MEMOPT — Universal Memory Fabric for AI Infrastructure

MEMOPT is the open-source universal memory fabric for AI infrastructure, built from first principles by Sophisticates — a deep tech venture company working across AI, Quantum Computing, Robotics, and Physics. MEMOPT is Sophisticates' flagship product, open-sourced under Apache-2.0 so the broader AI infrastructure community can build on, audit, and extend the hardest part of GPU serving: memory.

CI PyPI status license GPU validated python Sophisticates

⚠️ ALPHA — TEST ON YOUR OWN GPU BEFORE PRODUCTION

GPU validation has NOT been performed on this release. The 1016-passing test baseline is Mac / no-CUDA only. The 2 @gpu tests

  • 18 cuda-named tests are SKIPPED / DESELECTED on the release host.

If you are deploying to real GPUs you MUST:

  1. Run the full regression on your target GPU (A100 / H100 / L40S / ROCm) with the steps in PRODUCTION_READINESS.md.
  2. Soak-test under representative traffic for ≥ 24 hours before declaring the deployment "production-ready."
  3. Set MEMOPT_SIGNING_KEY to a high-entropy secret (NOT the default).

Do not assume "tests pass" means "works on my hardware." See the four blockers in Status — production readiness below.

A GPU memory profiling, and serving platform that turns GPU clusters into a unified memory fabric.
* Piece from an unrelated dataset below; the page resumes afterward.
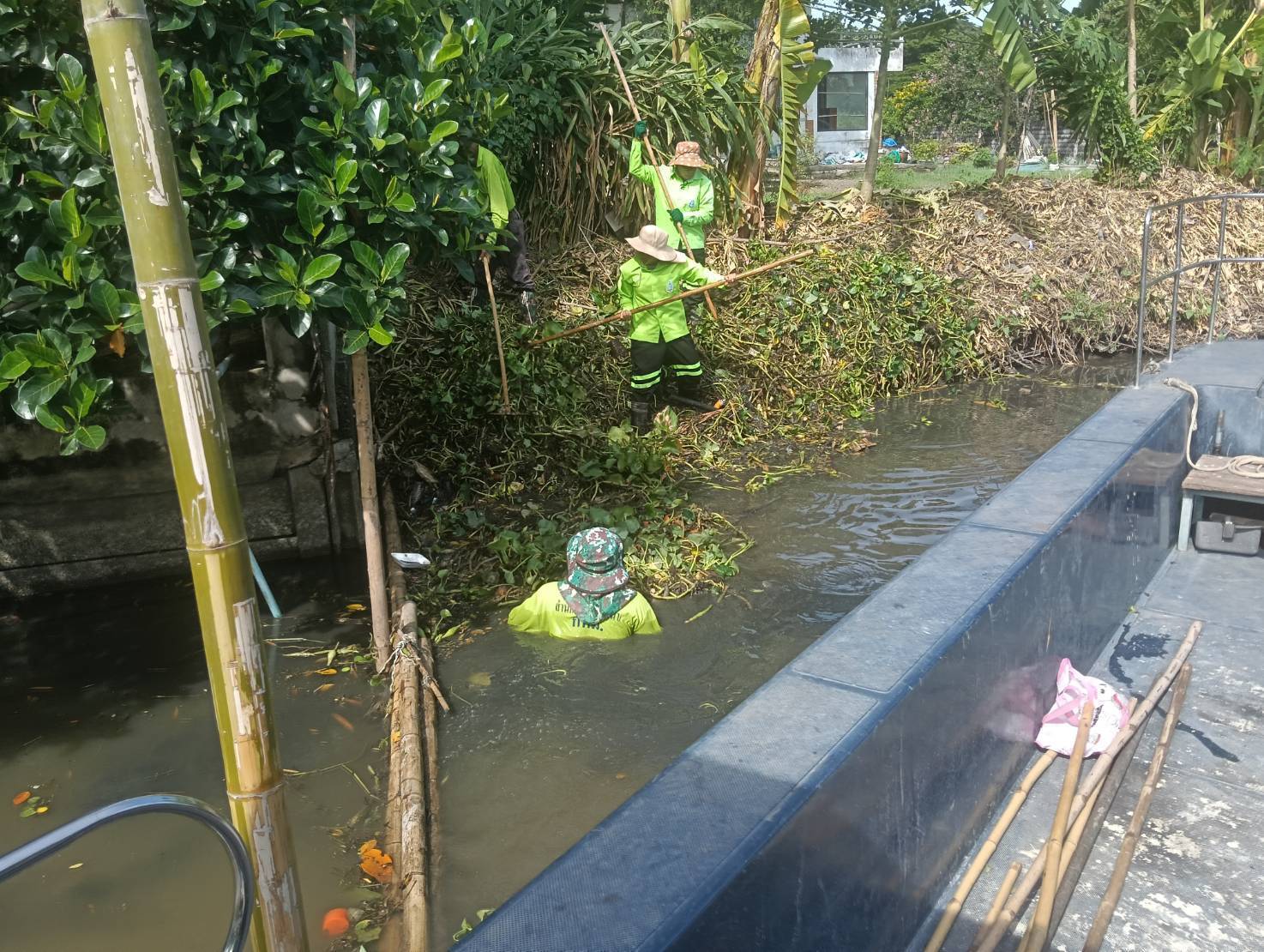 สำนักการระบายน้ำ จัดเก็บขยะและผักตบชวาคลองสามวาจากคลองแสนแสบถึงสุดเขตกทม.พื้นที่เขตคลองสามวา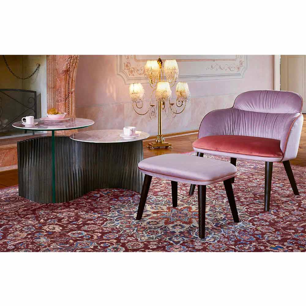 Design coffee table in polished marble stoneware and ash wood, a fine Made in Italy product.

Python control plane, C++17 data plane, optional CUDA kernels.

1016 tests pass | 7 C++ test suites | 0 failures (Mac / no CUDA)
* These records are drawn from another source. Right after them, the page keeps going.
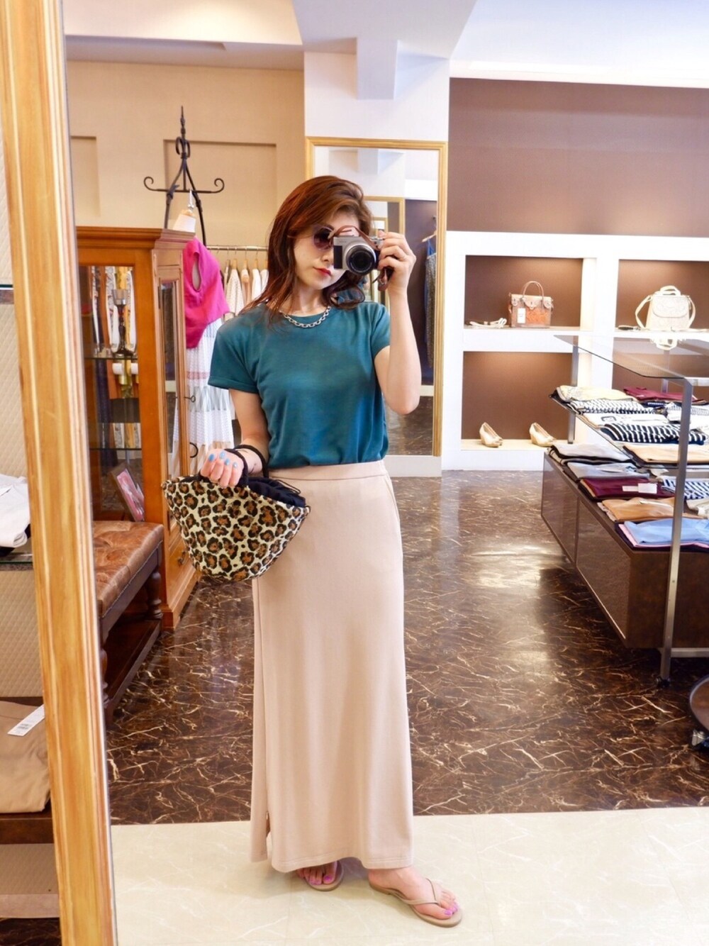 最近グリーンとベージュが 気になる、、🐢🐒 . マキシスカートって 大人な感じだし シンプルTに合わせるだけで 雰囲気出てスキ🥰💕 . . instagram👉emeraude_staff7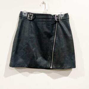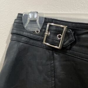Topshop Faux Leather Moto Mini Skirt Size 8P Black Silver Buckles Edgy Chic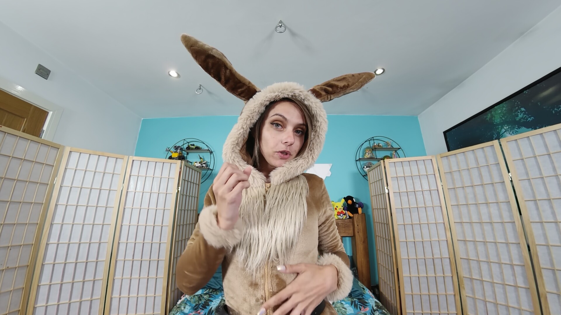 The way she kicks things off with those sultry whispers, guiding you through every move, builds this crazy tension. It’s like she’s right there with ya, ya know? When she gets into the solo teasing action, slowly peeling off bits of her costume, the excitement just ramps up. Her eye contact through the screen—damn, it feels so real, almost like a personal convo.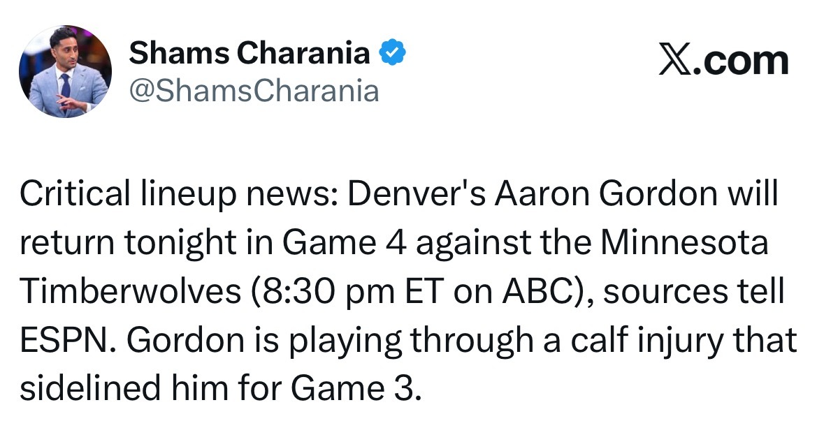 吕布!Shams:戈登今日带伤出战! 阿隆-戈登今晚G4对阵明尼苏达森林狼一战正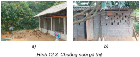 Khám phá: Quan sát Hình 12.3 và cho biết nên chọn loại chuồng nào để nuôi gà thịt. Tại sao?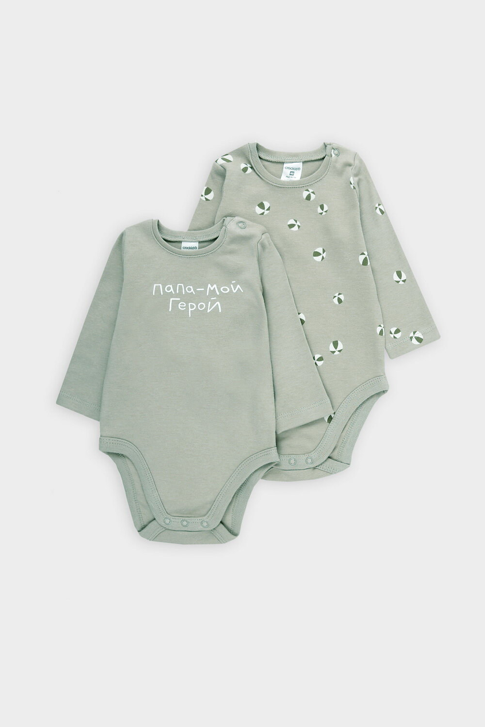 Боди в упаковке 2 шт для новорожденных из мягкого, эластичного трикотажа произведенного из натурального хлопка. Изделие застегивается на кнопки. Оригинальная набивка выполнена из стойких, гипоаллергенных, текстильных красителей. Все трикотажные полотна производятся в соответсвии с нормами Швейцарского сертификата ЭкоТекс.
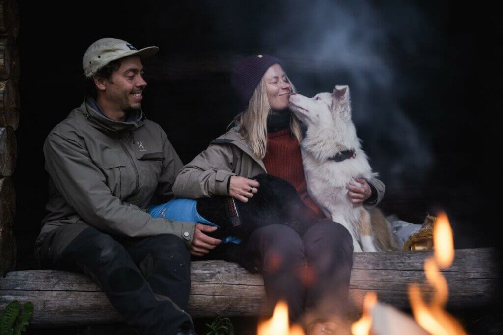 Koirat hieman ihmettelevät, mihin keskellä yötä lähdetään, mutta onneksi molemmat ovat reippaita retkikavereita ja laavuun päästyään nukahtavat uudelleen.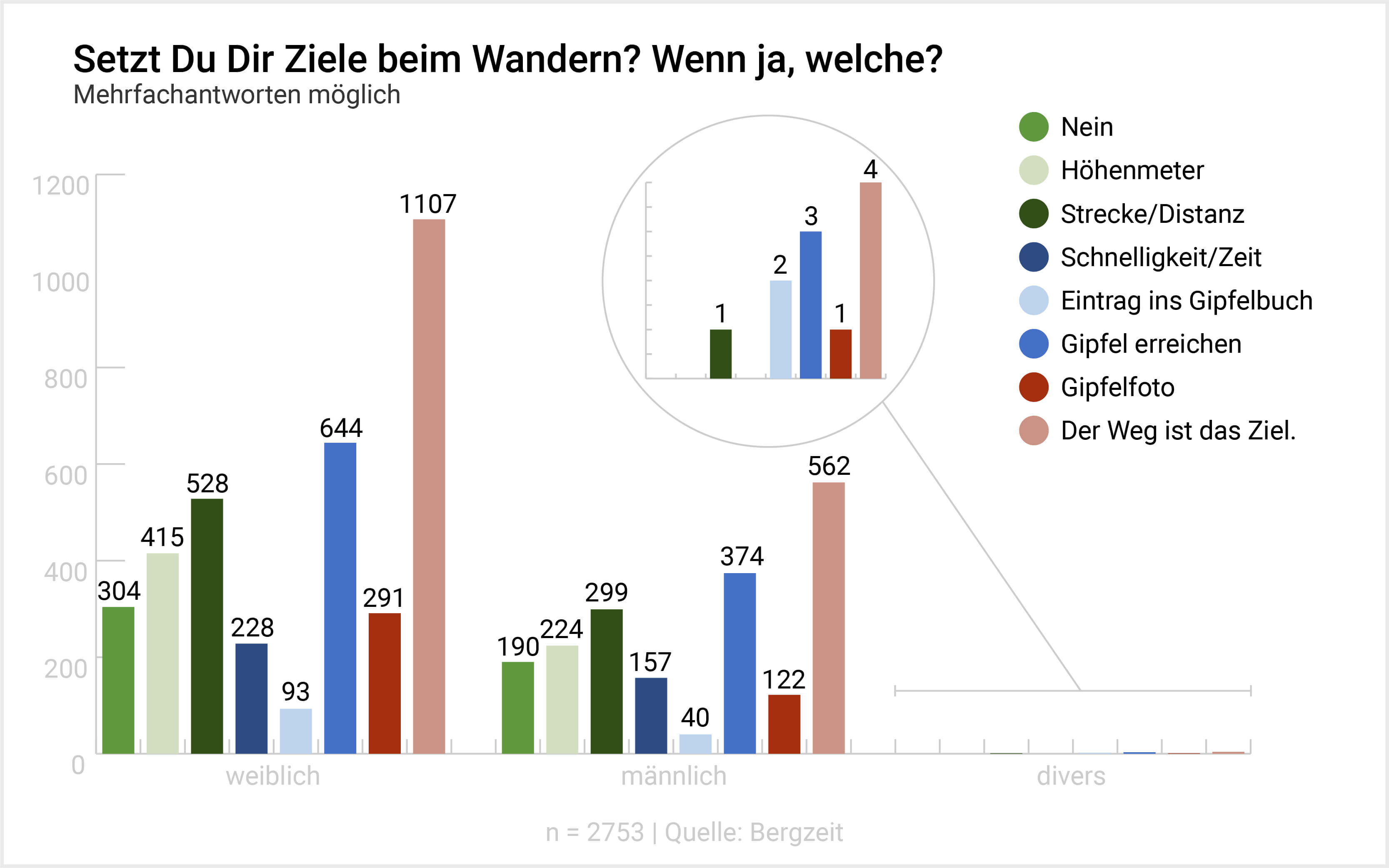 Geschlechter- und altersübergreifend (ausgenommen die Gruppe 18 bis 25 Jahre) sind wir primär Genuss- statt ambitionierte Sportwanderer. Wichtigstes Ziel bei 60,7 % aller Wandernden ist: der Weg! Allerdings folgen auf Platz 2 bis 4 bereits die sportlichen Ziele den Gipfel zu erreichen (37,1 %), Strecke/Distanz (30 %) und Höhenmeter (23,2 %). Prio 1 liegt für die 18 bis 25-Jährigen eindeutig beim Erreichen des Gipfels, gefolgt von „der Weg ist das Ziel“ und einer bestimmten Anzahl an Höhenmetern. Die Frauen dieser Altersgruppe legen zudem mehr Wert auf das Gipfelfoto. Die Gruppe Divers hat die Verewigung im Gipfelbuch an Platz 3 genannt.
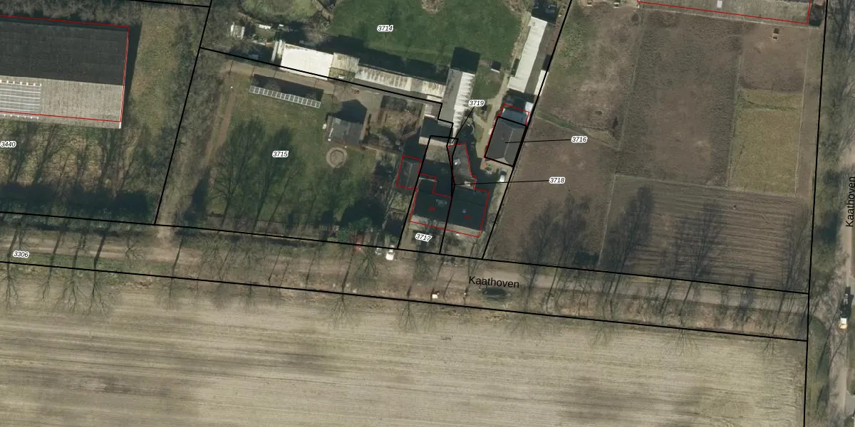 Kaathoven 39 is gelegen op kadastraal perceel NLD03C3717. Deze kadastrale aanduiding is uniek en wordt gebruikt door het Kadaster om eigendomsrechten en andere zakelijke rechten vast te leggen. Het perceel maakt onderdeel uit van de kadastrale gemeente Nuland.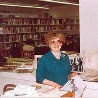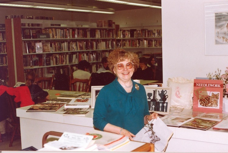 - en-CA Staff member Elizabeth Allen standing by display on needlework in the adult department of the Chippawa Branch Library.

Status — production readiness

This is an alpha release (v1.3.0a1). The library is OSS-licensed and the test baseline is green on Mac, but the following must complete before any "production-ready" claim:

  1. GPU rig validation — the 2 @gpu tests and 18 cuda-named tests are SKIPPED / DESELECTED on Mac. They must run green on an A100 / H100 host before tagging a non-alpha release.
  2. CI must pass on its first push.github/workflows/ci.yml defines a Linux + Mac × Python 3.10/3.11/3.12 matrix; nothing has run there yet.
  3. Live-workload soak — recommend ≥ 24h soak under representative traffic before declaring "production-ready."
  4. Phase B MEMOPT_USE_ORCHESTRATOR=1 — Layer 2 (orchestrator) ships in observation-only mode per docs/orchestrator_v1_design.md DECISION 7. Eviction-driving Layer 2 ships in v1.4.0, not here.
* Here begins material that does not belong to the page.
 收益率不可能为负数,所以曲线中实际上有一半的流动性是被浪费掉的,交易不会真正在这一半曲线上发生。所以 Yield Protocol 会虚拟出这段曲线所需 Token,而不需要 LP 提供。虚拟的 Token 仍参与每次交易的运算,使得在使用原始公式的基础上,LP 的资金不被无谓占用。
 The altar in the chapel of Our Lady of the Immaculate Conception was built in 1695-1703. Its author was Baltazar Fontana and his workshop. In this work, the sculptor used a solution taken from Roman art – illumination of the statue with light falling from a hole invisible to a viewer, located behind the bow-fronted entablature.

Track these in the v1.3.0 entry of CHANGELOG.md.

What It Does

memopt v1.3.0 ships two infrastructure layers plus eight product pillars.

Infrastructure layers

Layer Purpose Reference
Layer 1 — Substrate Tenant-isolated, stream-aware allocator with pluggable backends (CUDA VMM, ROCm/HIP, CXL/NUMA, CPU). Public API: memopt.alloc / free / context / stats / observe / peek_handle / MemoryHandle. docs/substrate_v1_design.md
Layer 2 — Orchestrator Tenant-aware decision pump on top of the substrate. Public API: memopt.orchestrator.start / stop / stats / register_policy. v1.0 ships in observation-only mode (DECISION 7). docs/orchestrator_v1_design.md

Pillars

# Pillar What It Solves How
1 Infinite Context VMM KV cache OOM for long contexts Multi-tier paging (HBM → DRAM → NVMe) with predictive prefetch
2 Agentic KV Memory Redundant KV recomputation across requests Content-addressed cache skips inference on exact prompt hit
3 Self-Synthesizing Kernels HBM memory stalls Detects stalls, calls Claude API, synthesizes fused Triton kernels
4 AI Compliance Ledger Energy / cost accountability + EU AI Act conformity Per-batch energy measurement, SQLite ledger, HMAC-signed entries, carbon calculator, savings/compliance reports
5 Global Unified Memory Wasted NVMe across nodes Cross-node block sharing over TCP/RDMA with lease protocol
6 Silicon Certification Hardware drift Correctness + throughput battery, drift detector, auto re-cert daemon
7 GPU FinOps Intelligence $/hour waste invisibility Per-tenant utilization → dollar tracking with auditable signed reports
8 Hardware Abstraction Multi-backend portability Unified HAL over CUDA / ROCm / Gaudi / TPU / CPU stubs

Pillars 4, 6, 7 wire to Layer 1/2 through memopt/integrations/ (attach_ledger_to_substrate, FinOpsPoller, assemble_production_receipt).

Quick Start

# Install from PyPI:
pip install memopt-engine

# After installation, the Python import path is `memopt`
# (distribution-name vs import-name — same convention as
# `pip install scikit-learn` then `import sklearn`):
python -c "import memopt; print(memopt.__version__)"

For development from source:

git clone https://github.com/basnetlachu/memopt.git
cd memopt
pip install -e ".[dev,daemon,api]"

Profile a Model

memopt profile --model gpt2 --batch-size 8

Serve with All Pillars Active

memopt-serve --model meta-llama/Llama-2-7b --port 8001

The serving engine automatically:

  • Deduplicates KV cache across requests (Pillar 2)
  • Synthesizes fused kernels on HBM stalls (Pillar 3)
  • Measures energy per token via NVML (Pillar 4)
  • Monitors hardware drift (Pillar 6)

OpenAI-Compatible API

curl http://localhost:8001/v1/completions \
  -H "Content-Type: application/json" \
  -d '{"model": "llama2", "prompt": "Hello", "max_tokens": 50}'

Check Savings

curl http://localhost:8001/report/found-capacity

Architecture

Python (control plane)          C++ (data plane)
─────────────────────          ──────────────────
vmm/                           csrc/core/
  page_table.py (shim) ──────── _memopt_core.so
  oracle.py (shim)                (64-shard page table,
  tier_manager.py                  striped-lock oracle,
  prefetch_engine.py               16-shard block directory)
  federation.py

serving/                       csrc/hooks/
  kernel_hooks.py (shim) ────── _memopt_hooks.so
  auto_optimizer.py               (FNV-1a keys, atomic
  server.py                        counters, lock-free dispatch)
  paged_attention.py (shim) ── _memopt_paged.so
                                  (block pool, CUDA gather)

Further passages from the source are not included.